=== Data supplied ===

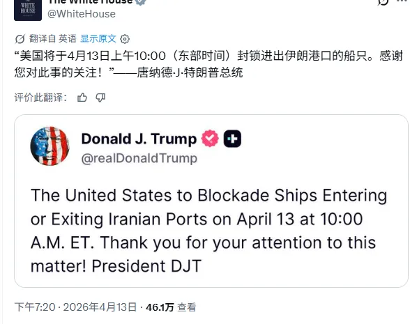 5、特朗普准备晚上10点钟封锁霍尔木兹海峡
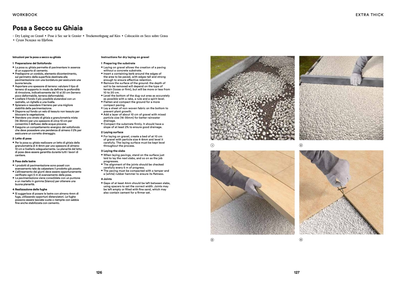 – Dry Laying on Gravel • Pose à Sec sur le Gravier • Trockenverlegung auf Kies • Colocación en Seco sobre Grava
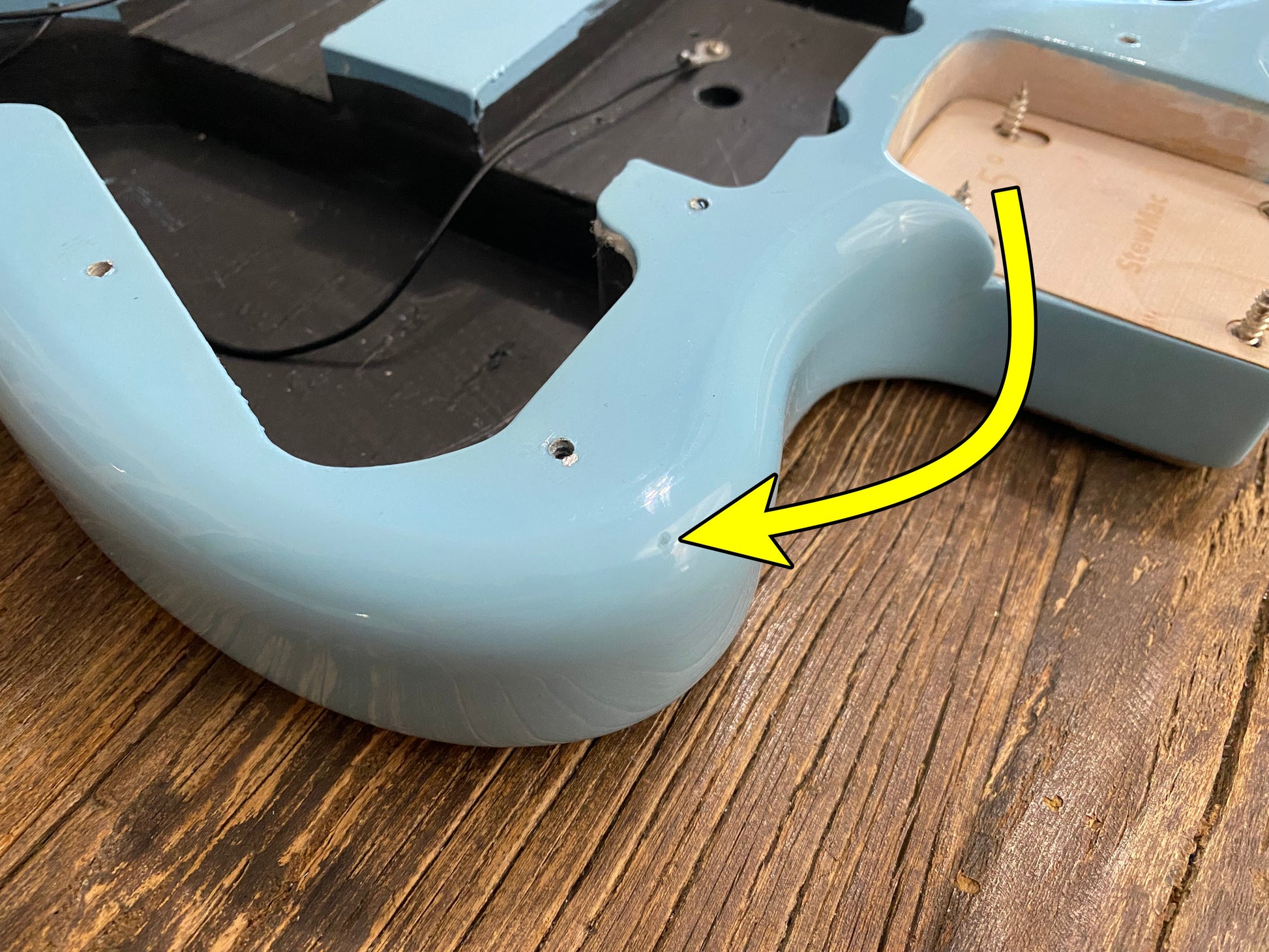 Shows extremely well with only very light playing wear - there is one tiny pin sized chip/ding on the front side of the power horn which would be considered the worst of the wear. It is clearly pictured and would hardly be worth mentioning if the rest of the body wasn't so fresh.
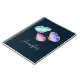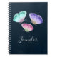 A personalised notebook with a pretty design. 3 watercolor butterflies, painted pink, purple and green. Dark blue watercolor background.
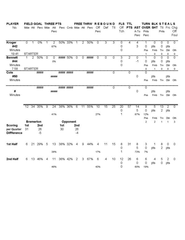 BHS Boys JV | 0 | 31 | 0 | 26 | 57 |
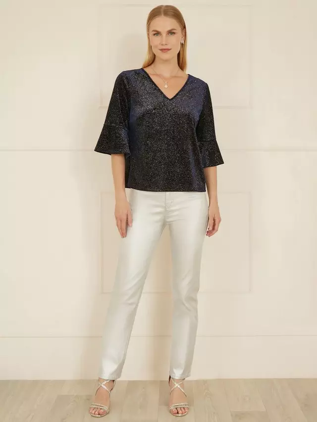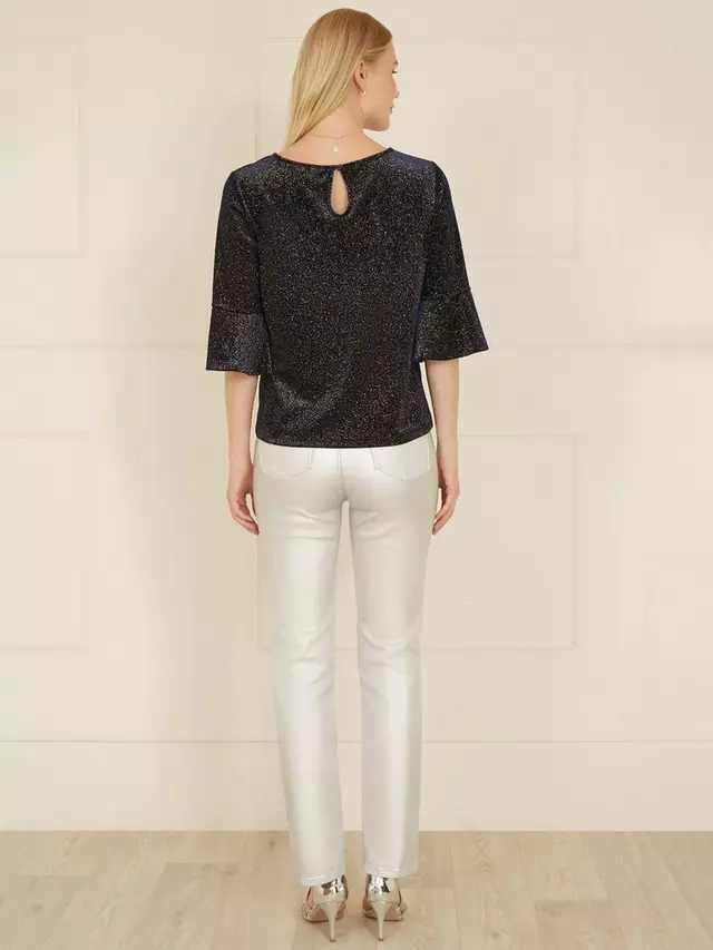 Блуза Yumi Sparkle Velvet Fluted Sleeve, темно-синий 6 101₽
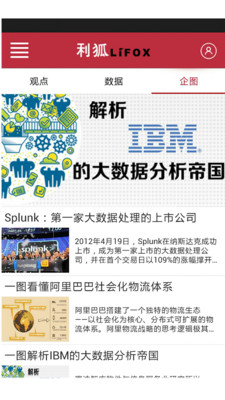 “利狐网”聚焦于新概念、新产业、新模式,创新打造“观点”“数据”“企图”三大栏目,充分运用移动互联网、云计算、大数据等新技术,为中高端人群搭建国内独有的深度新知平台和圈子。
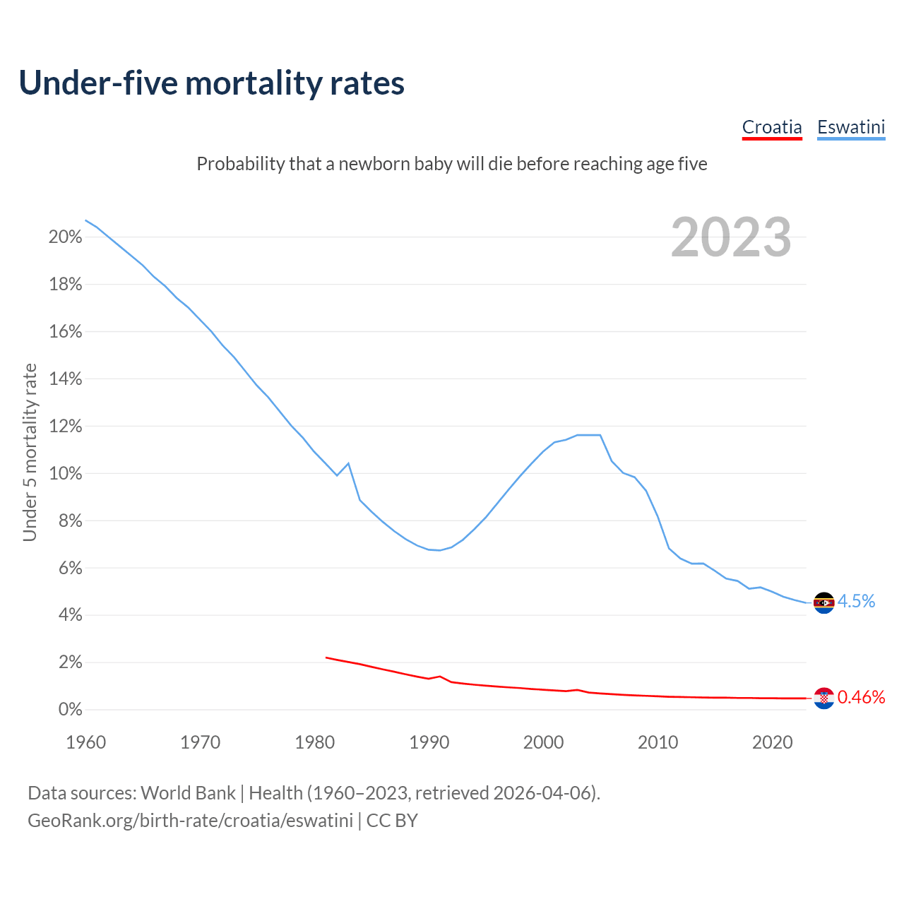 The chance that a newborn baby will die before reaching age five is 0.46% in Croatia and 4.5% in Eswatini. Above is a chart with historical data on under-five mortality rates.
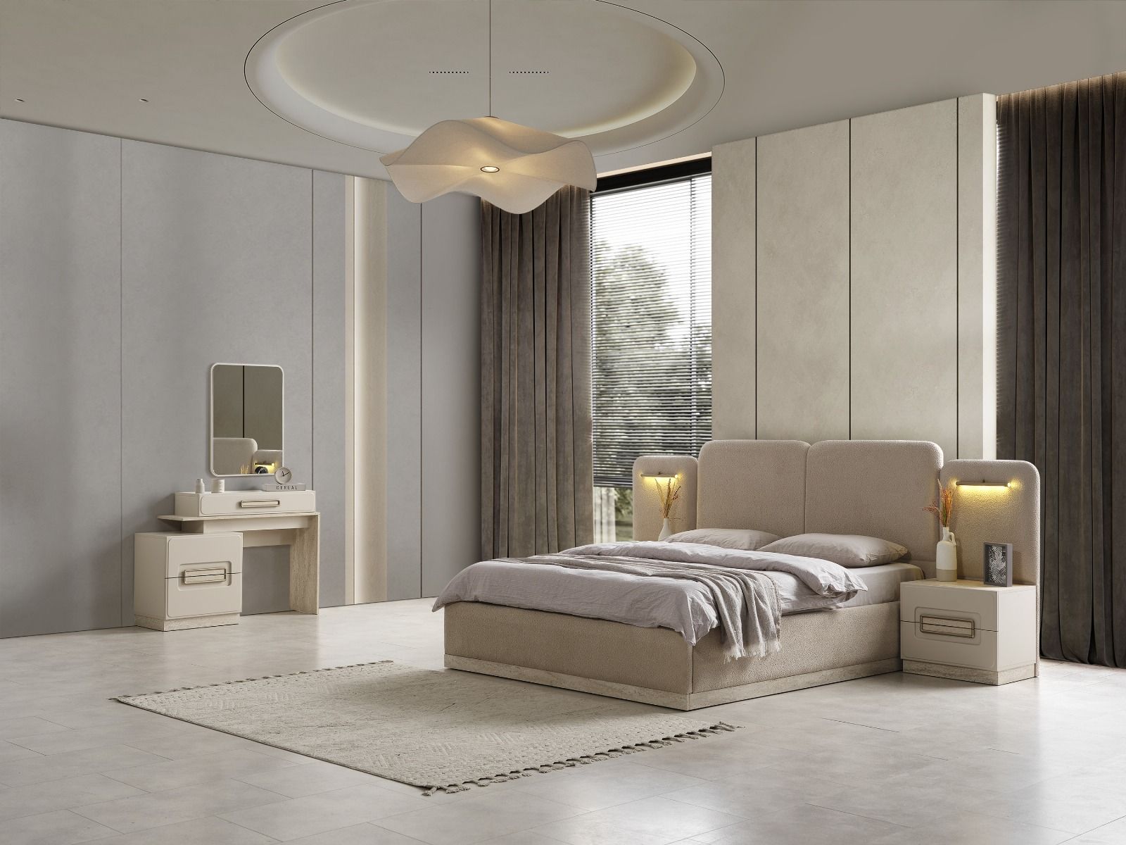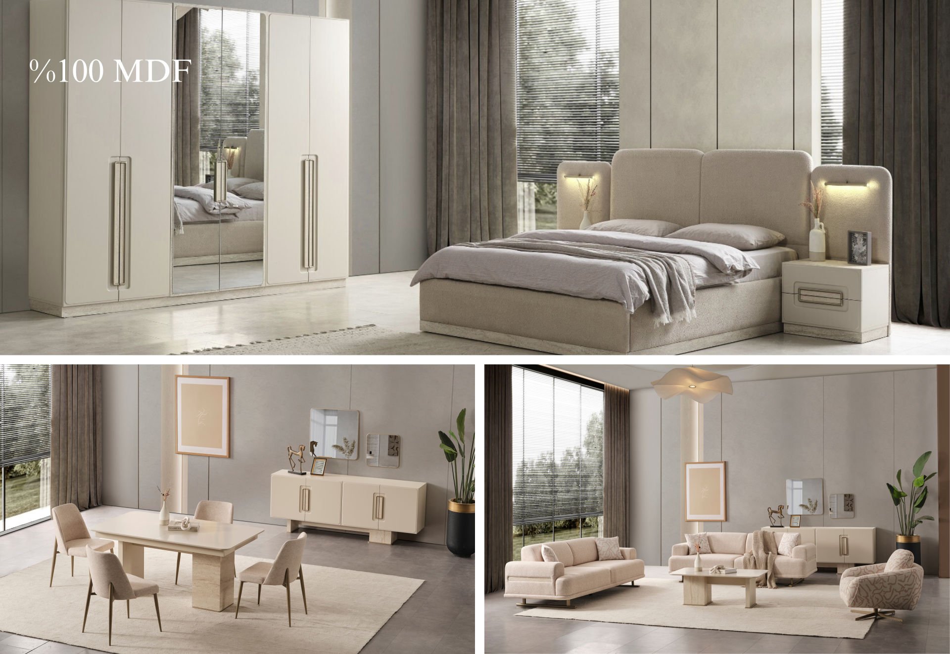 - Akkor Yatak Odası Takımı; Gardolap, Şifonyer + ayna, karyola ve 2 adet Komodin'den oluşmaktadır.
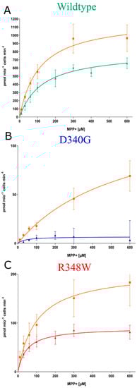 - Koleske, M.L.; McInnes, G.; Brown, J.E.H.; Thomas, N.; Hutchinson, K.; Chin, M.Y.; Koehl, A.; Arkin, M.R.; Schlessinger, A.; Gallagher, R.C.; et al. Functional genomics of OCTN2 variants informs protein-specific variant effect predictor for Carnitine Transporter Deficiency. Proc. Natl. Acad. Sci. USA 2022, 119, e2210247119. [Google Scholar] [CrossRef] [PubMed]
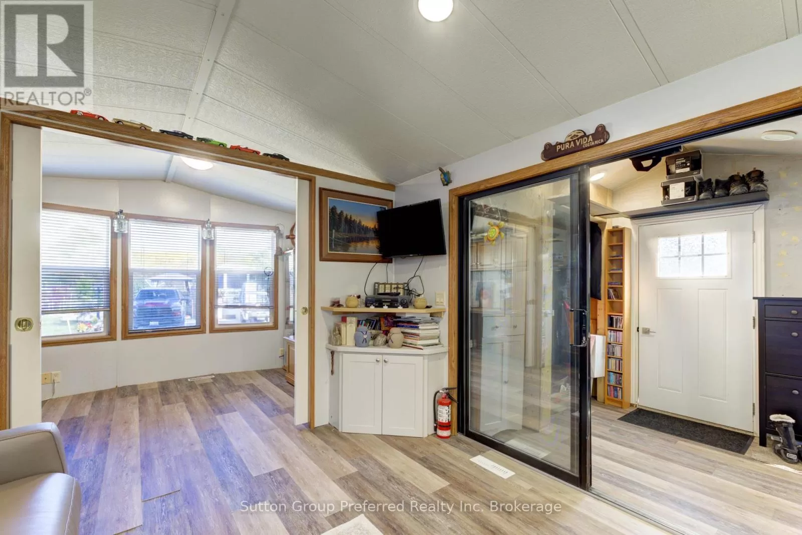 Cross Streets: Braemar Side Road. ** Directions: Braemar Valley Park. Welcome to Braemar Valley RV Park, a peaceful 50+ adult lifestyle community that combines comfort, convenience, and natural beauty. Whether youre looking for a lifestyle change or a place to escape to on weekends and holidays, this is a wonderful choice. The home offers a versatile two-bedroom layout, with one bedroom currently set up as a dedicated office perfect for working from home or enjoying hobbies. A separate mudroom and laundry area provide everyday functionality and organization. The open-concept kitchen and living room create a bright, inviting space where you can cook, dine, and relax with ease. Step outside to your private deck, an ideal spot to enjoy morning coffee or unwind in the evening while surrounded by the serene setting. Two storage sheds offer ample room for tools, outdoor gear, or seasonal items, while dual driveways one single and one double make parking convenient for residents and guests. This home has seen thoughtful updates, including a modernized bathroom with a walk-in shower, water treatment system, fiberglass shingles, eaves, insulated back door and efficient forced-air propane heating for year-round comfort. Life in Braemar Valley is more than just a home its a lifestyle. Residents enjoy access to a community clubhouse with a deck, exercise area, library filled with books and games, a swimming pool, and well-maintained walking trails. Whether youre looking to stay active, connect with neighbours, or simply relax, this community has something for everyone. Nature lovers will appreciate the peaceful surroundings, where geese, ducks, and other wildlife are frequent visitors. Its a truly tranquil place to call home while still being close to everyday amenities. Dont miss your chance to enjoy the comfort and lifestyle of Braemar Valley. This inviting home is ready to welcome its next owners! (id:27476)

===

■ Task item
Pictures aside, write out all of the records exactly.

■ Answer below
 5、特朗普准备晚上10点钟封锁霍尔木兹海峡
 – Dry Laying on Gravel • Pose à Sec sur le Gravier • Trockenverlegung auf Kies • Colocación en Seco sobre Grava
 Shows extremely well with only very light playing wear - there is one tiny pin sized chip/ding on the front side of the power horn which would be considered the worst of the wear. It is clearly pictured and would hardly be worth mentioning if the rest of the body wasn't so fresh.
 A personalised notebook with a pretty design. 3 watercolor butterflies, painted pink, purple and green. Dark blue watercolor background.
 BHS Boys JV | 0 | 31 | 0 | 26 | 57 |
 Блуза Yumi Sparkle Velvet Fluted Sleeve, темно-синий 6 101₽
 “利狐网”聚焦于新概念、新产业、新模式,创新打造“观点”“数据”“企图”三大栏目,充分运用移动互联网、云计算、大数据等新技术,为中高端人群搭建国内独有的深度新知平台和圈子。
 The chance that a newborn baby will die before reaching age five is 0.46% in Croatia and 4.5% in Eswatini. Above is a chart with historical data on under-five mortality rates.
 - Akkor Yatak Odası Takımı; Gardolap, Şifonyer + ayna, karyola ve 2 adet Komodin'den oluşmaktadır.
 - Koleske, M.L.; McInnes, G.; Brown, J.E.H.; Thomas, N.; Hutchinson, K.; Chin, M.Y.; Koehl, A.; Arkin, M.R.; Schlessinger, A.; Gallagher, R.C.; et al. Functional genomics of OCTN2 variants informs protein-specific variant effect predictor for Carnitine Transporter Deficiency. Proc. Natl. Acad. Sci. USA 2022, 119, e2210247119. [Google Scholar] [CrossRef] [PubMed]
 Cross Streets: Braemar Side Road. ** Directions: Braemar Valley Park. Welcome to Braemar Valley RV Park, a peaceful 50+ adult lifestyle community that combines comfort, convenience, and natural beauty. Whether youre looking for a lifestyle change or a place to escape to on weekends and holidays, this is a wonderful choice. The home offers a versatile two-bedroom layout, with one bedroom currently set up as a dedicated office perfect for working from home or enjoying hobbies. A separate mudroom and laundry area provide everyday functionality and organization. The open-concept kitchen and living room create a bright, inviting space where you can cook, dine, and relax with ease. Step outside to your private deck, an ideal spot to enjoy morning coffee or unwind in the evening while surrounded by the serene setting. Two storage sheds offer ample room for tools, outdoor gear, or seasonal items, while dual driveways one single and one double make parking convenient for residents and guests. This home has seen thoughtful updates, including a modernized bathroom with a walk-in shower, water treatment system, fiberglass shingles, eaves, insulated back door and efficient forced-air propane heating for year-round comfort. Life in Braemar Valley is more than just a home its a lifestyle. Residents enjoy access to a community clubhouse with a deck, exercise area, library filled with books and games, a swimming pool, and well-maintained walking trails. Whether youre looking to stay active, connect with neighbours, or simply relax, this community has something for everyone. Nature lovers will appreciate the peaceful surroundings, where geese, ducks, and other wildlife are frequent visitors. Its a truly tranquil place to call home while still being close to everyday amenities. Dont miss your chance to enjoy the comfort and lifestyle of Braemar Valley. This inviting home is ready to welcome its next owners! (id:27476)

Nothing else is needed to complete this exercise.